Similarly, in the course of 16 years, the court changed its decision that juvenile capital punishment was permissible and declared it cruel and unusual punishment.

“I will stipulate that [originalism] is not perfect,” he said. But “in ease of lawyerly application, never mind legitimacy and predictability, it far surpasses the competition.”

Lawyers “are not trained to be moral philosophers,” which is what it takes to determine whether there should be a right to abortion or assisted suicide. “History is a rock-solid science compared to moral philosophy,” Scalia said.

In the past few decades the court has been the beneficiary of a growing body of scholarship in history and constitutional legal history. Judges today have no shortage of secondary literature to sort through, Scalia said, including thorough amicus briefs — “sometimes too thorough.”

Twenty years ago amicus briefs were unreliable in their spare analysis of textual and historical meaning, Scalia said.

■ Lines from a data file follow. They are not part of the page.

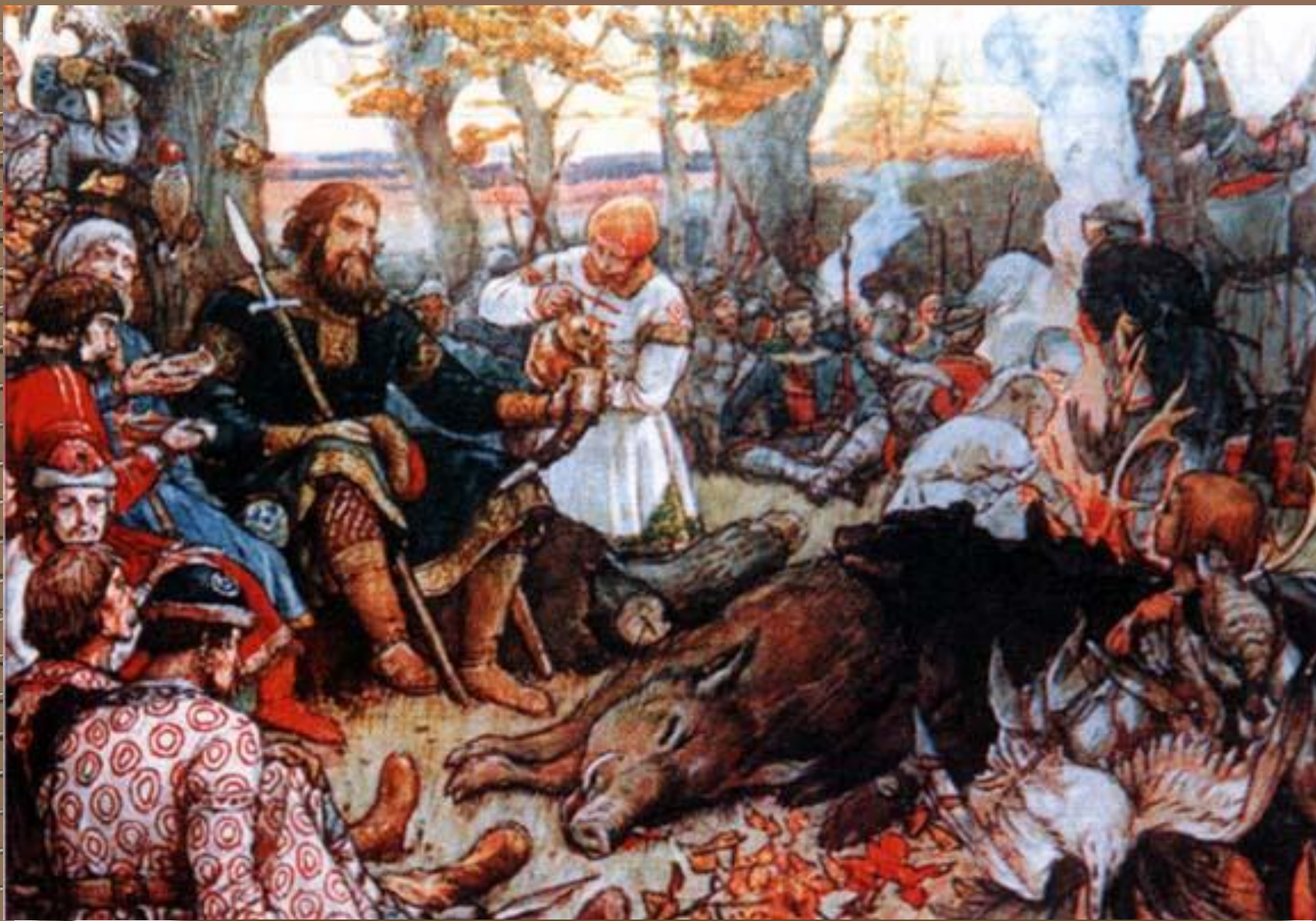
В.М. Васнецов. «Отдых великого князя Владимира Мономаха после охоты»
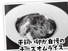
平飼卵が自慢の チーズオムライス
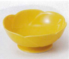
テ052-15 やまぶき梅型高台 φ12.5×5cm 860円
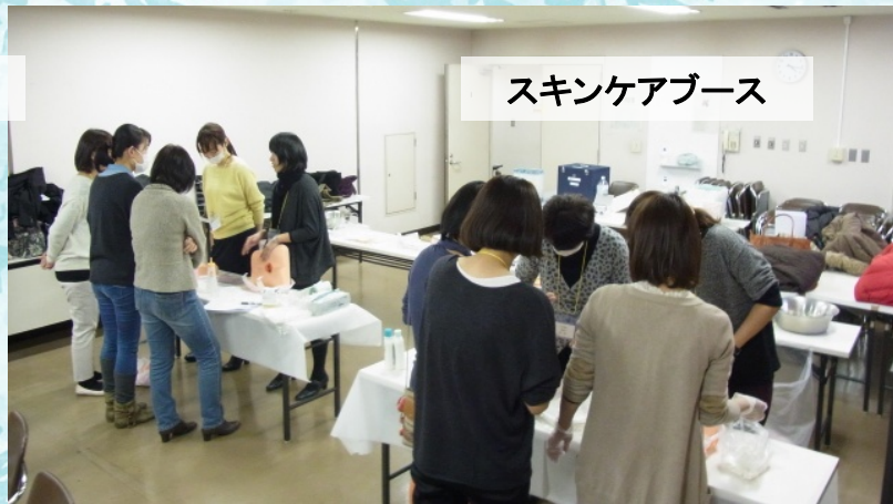
スキンケアブース

その後、 1)スキンケアブース 2)車椅子ブース 3)除圧マットレスブース 3グループに分かれて演習を行いました。
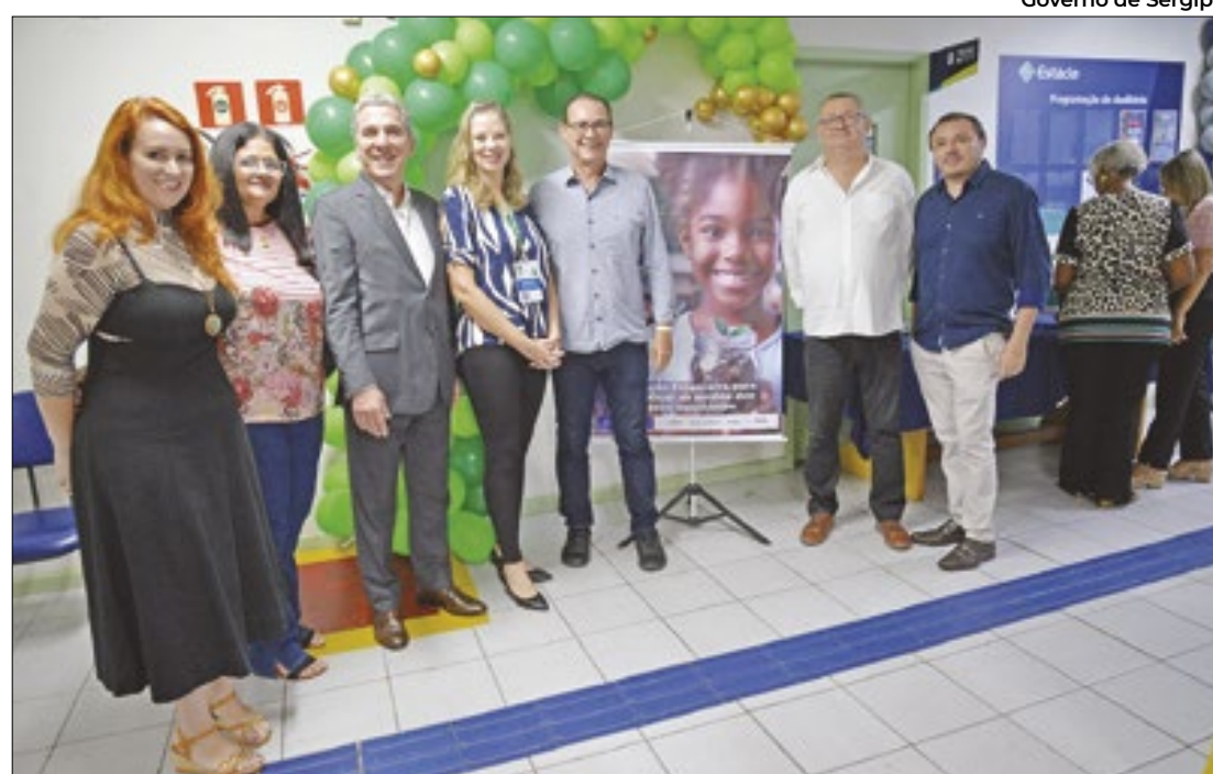
Programa promove a formação de educadores para implementação em escolas

Com apoio do Banco Central, o projeto irá capacitar estudantes
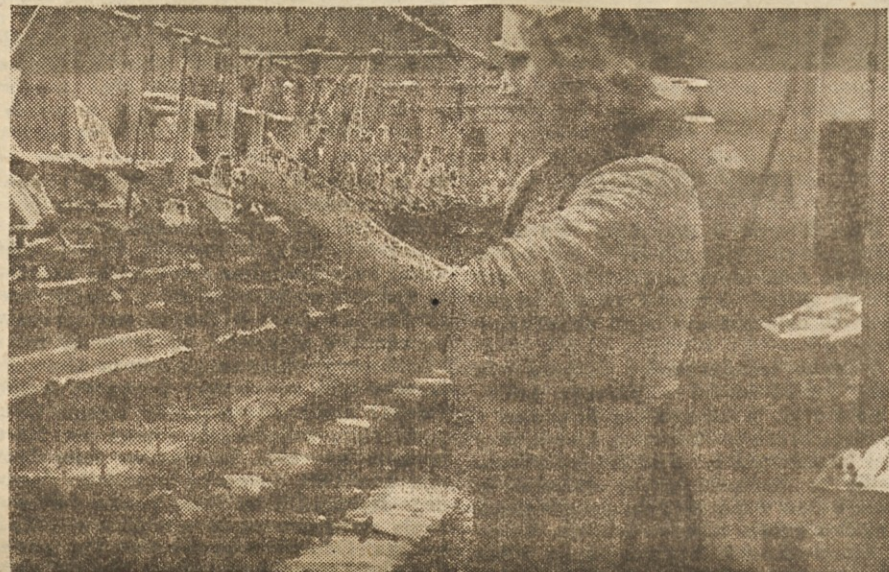
Sprejemanje in uresničevanje konkretnih individualnih obveznosti bo vsebina našega tekmovalja v počastitev II. kongresa Zveze sindikatov Slovenije

By the time Heller came to the court in 2008, the mass of briefing was “nothing short of spectacular,” and filled over five volumes in the Supreme Court library. Historical details were the “heart and soul” of the briefing, Scalia said.

Although briefs now address the originalist approach, Scalia said many briefs are not helpful, including those from trade associations, which seem designed to “assure the association members that their staff is on the job.” Academic briefs written by a small number of faculty that are “circulated like petitions” and signed by a large number of faculty often have a “pretense to scholarly impartiality.”

“Disinterested scholarship and advocacy do not mix well,” he said. But the raw materials in such briefs “can vastly improve the quality and accuracy of originalist decisions.”

At least one critic has accused originalists of practicing “law office history” — selecting data favorable to the position being advanced without concern for contrary information.

“To equate chambers’ history with law office history is profoundly ignorant,” he said. In the case of Heller, “If a contest seems one-sided, and I think it does, it’s only because the historical evidence favoring response was overwhelming.”

Historians who have published serious studies on the subject agree that the right to bear arms has long been understood as an individual right, Scalia said. And though historians can provide background information on such matters, judges are the legal experts.

“Ultimately it is the judges’ call,” he said. “Figuring out the meaning of legal texts is judges’ work.”

Originalism is not a guarantee against judicial abuse, Scalia admitted.

“But originalism does not invite him to make the law what he thinks it should be, nor does it permit him to distort history with impunity,” he said. The honest originalist will sometimes or often reach results he does not personally favor. “All of this cannot be said of the constitutional consequentialists.

“If ideological judging is the malady, the avowed application of such personal preferences will surely hasten the patient’s demise, and the use of history is far closer to being the cure than being the disease.”